In 2013, altogether 38 people from a remote village in Majuli were labelled ‘witches’. However, they were rescued by police, well-known activist Birubala Rabha and others.
State government data says that till March 2015, altogether 77 people were killed and 60 other injured in ‘witch hunting’ incidents since 2010.
More than 100 people have been killed in Assam from 2005 to 2014, according to a study conducted by an NGO. It says more than 500 such incidents related to witch hunting during the last 10 years.
According to social activists, over 100 persons were killed in more than 200 cases of witch hunting between 2008 and 2016. About 80 percent of the victims are women.

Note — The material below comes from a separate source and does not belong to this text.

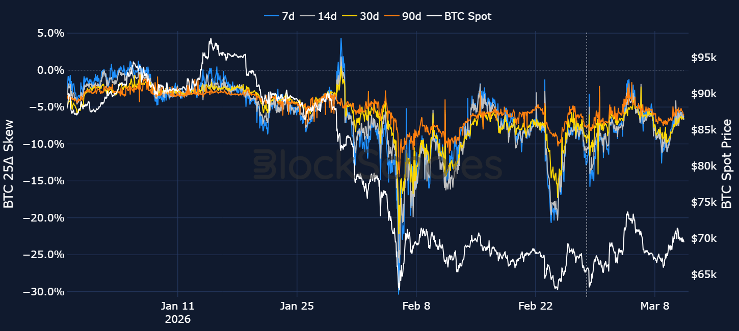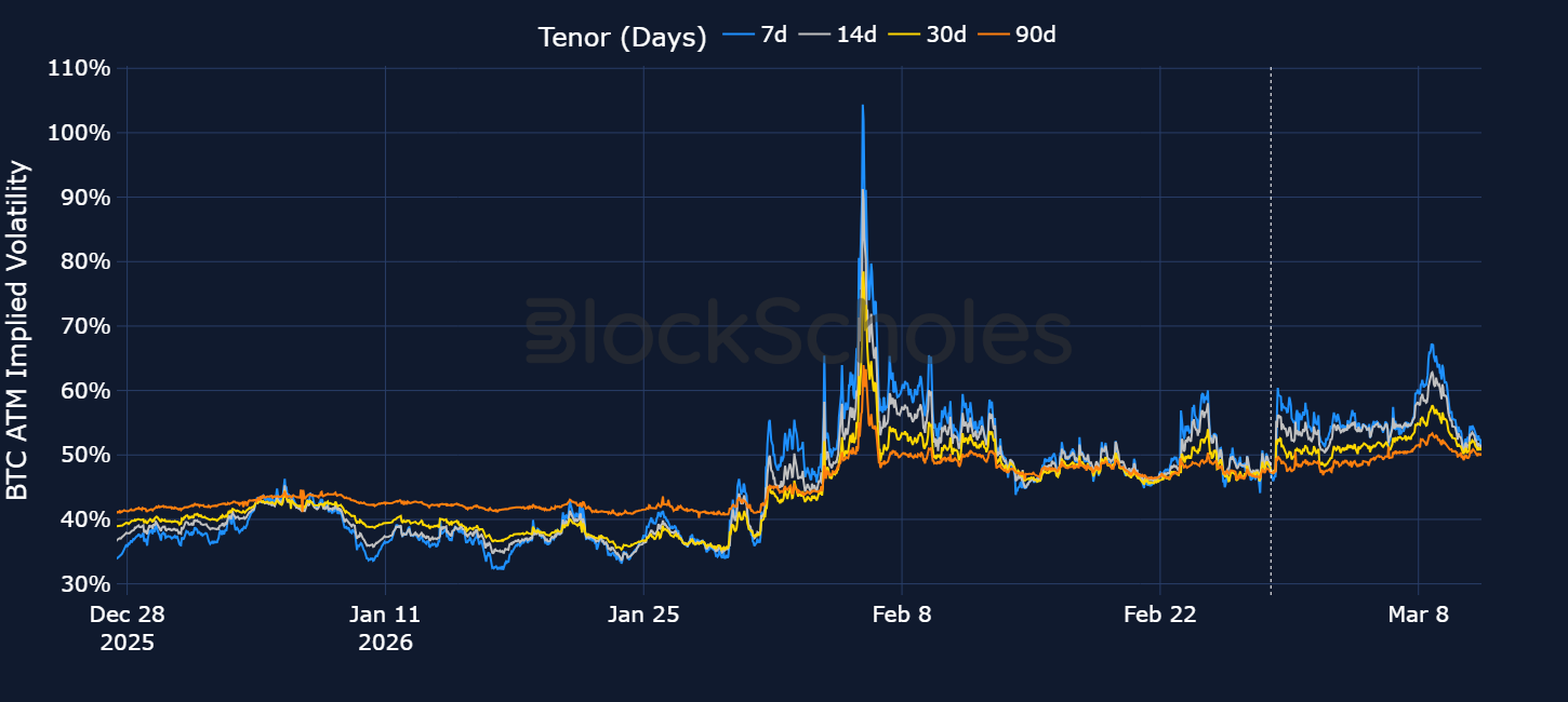 After rising to the highest level since 2022, short-dated implied volatility settled around 50% in mid-February before jumping 20 percentage points during the start of the Middle East conflict. In absolute terms, however, implied volatility (IV) remained far lower than the panic levels that were priced in during February’s peak when BTC fell towards $60K. Since then, IV has once more returned back towards the same 50% floor and the term structure has compressed.

Apart from ‘Ishu’, two national award winning films from Assam – ‘Maj Rati Kateki’ by Santwana Bardoloi and ‘Haanduk’ (The Hidden Corner) by Jaicheng Jai Dohutia will be screened in national award winning category at KIFF.
Besides, in the ‘Unheard India: Rare Language Indian Films’ category ‘Songs of the Horned Owl’ by Manju Borah in Bodo language and ‘Sonam’ by Ahsan Majid which is the first feature made in ‘Monpa’ dialect of the Indo-Tibetan branch of languages, spoken in the mountainous Himalayan region, will be screened.
In the documentary category, ‘Unity, Dignity and Brotherhood, People of Assam and Punjab’ by Debajit Kalita will also be screened.